“Were you told to approach him? To get close to the man? To breathe the same air in his vicinity? I think not. You were told to find him, report back, and keep him in sight. In other words, you were told to keep your distance, which you did not do. And now here we are, where we are, because you took a decision you weren’t meant to take. Just as you’re doing now. So get back into that hospital, get back to Matsumoto’s doorway, and until you hear otherwise from me, remain there. Am I being clear?”

  As she’d been speaking, she’d watched the muscle in Hale’s jaw jumping. He didn’t reply and she barked, “Inspector! I’m asking you a question.”

  To which he finally said, “As you wish, guv.”

  At that she went towards the hospital entrance and he followed as she preferred him to follow: several paces behind her. She wondered at the fact of these detectives under her command all wanting to go their own way in the investigation and what this said about the leadership provided first by the former superintendent, Malcolm Webberly, and by everyone subsequent to him, including Thomas Lynley. Discipline was called for, but having to administer that in the midst of everything else going on was particularly maddening. Changes were going to have to be made with this lot. There was no question about that.

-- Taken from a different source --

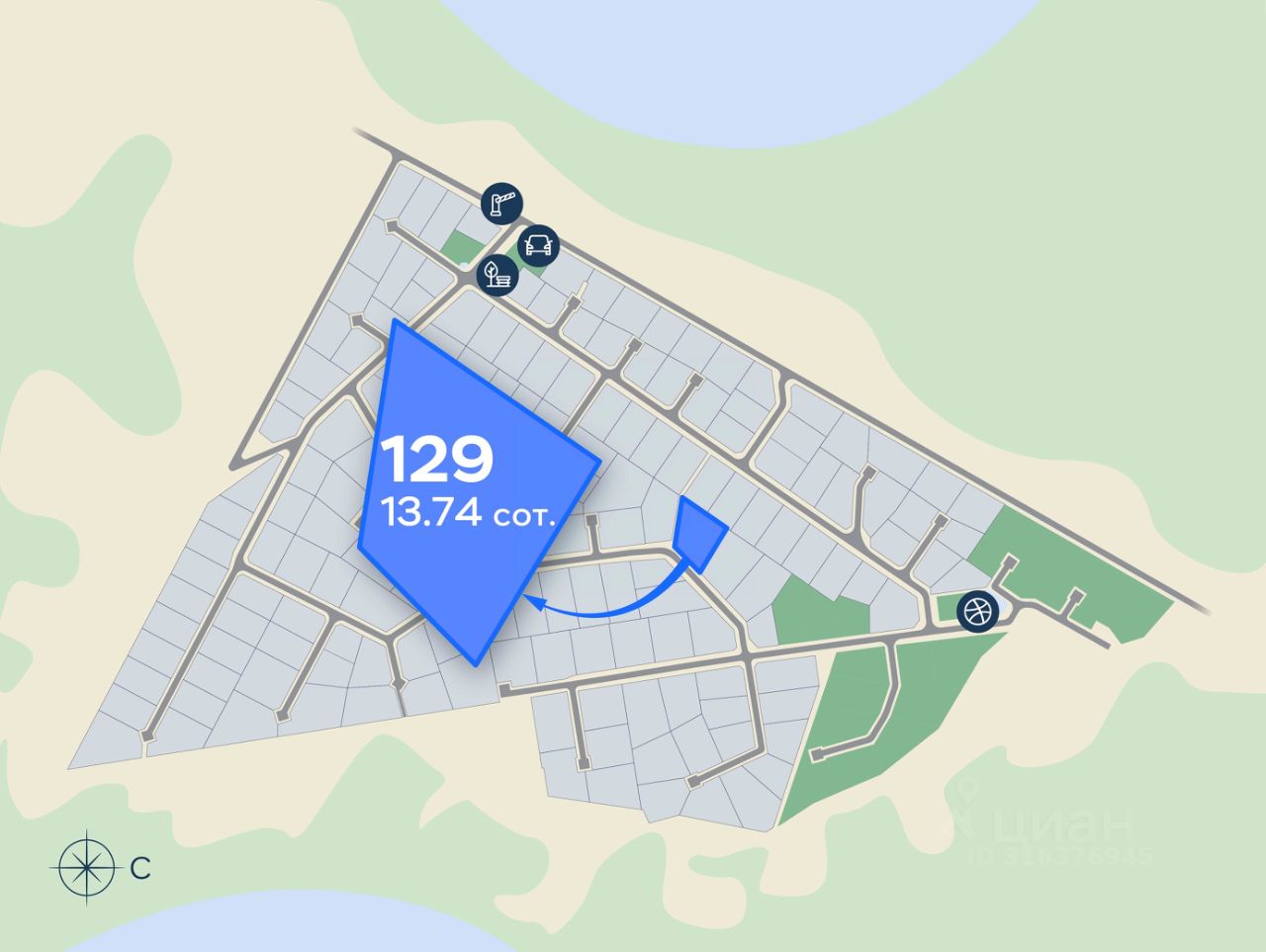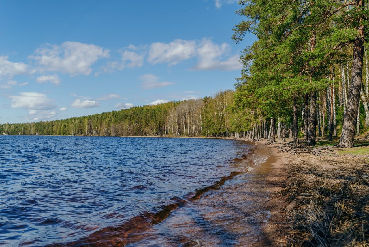 Участок в благоустроенном посёлке у двух озер и хвойного леса

  As she reached the door with Hale as her shadow, a taxi arrived. Hiro Matsumoto stepped out, a woman in his company. This was, thank God, not his solicitor but a Japanese woman close to his own age. The third Matsumoto sibling, Isabelle concluded, Miyoshi Matsumoto, the Philadelphia flautist.

  She was correct. She paused, jerking her thumb at the door for Hale to go ahead into the hospital. She waited till Matsumoto had paid for the taxi, whereupon he introduced her to his sister. She had arrived from America on the previous evening, he said. She had not yet seen Yukio. But they’d had word this morning from Yukio’s doctors—

  “Yes,” Isabelle said. “He’s conscious. And I must speak with him, Mr. Matsumoto.”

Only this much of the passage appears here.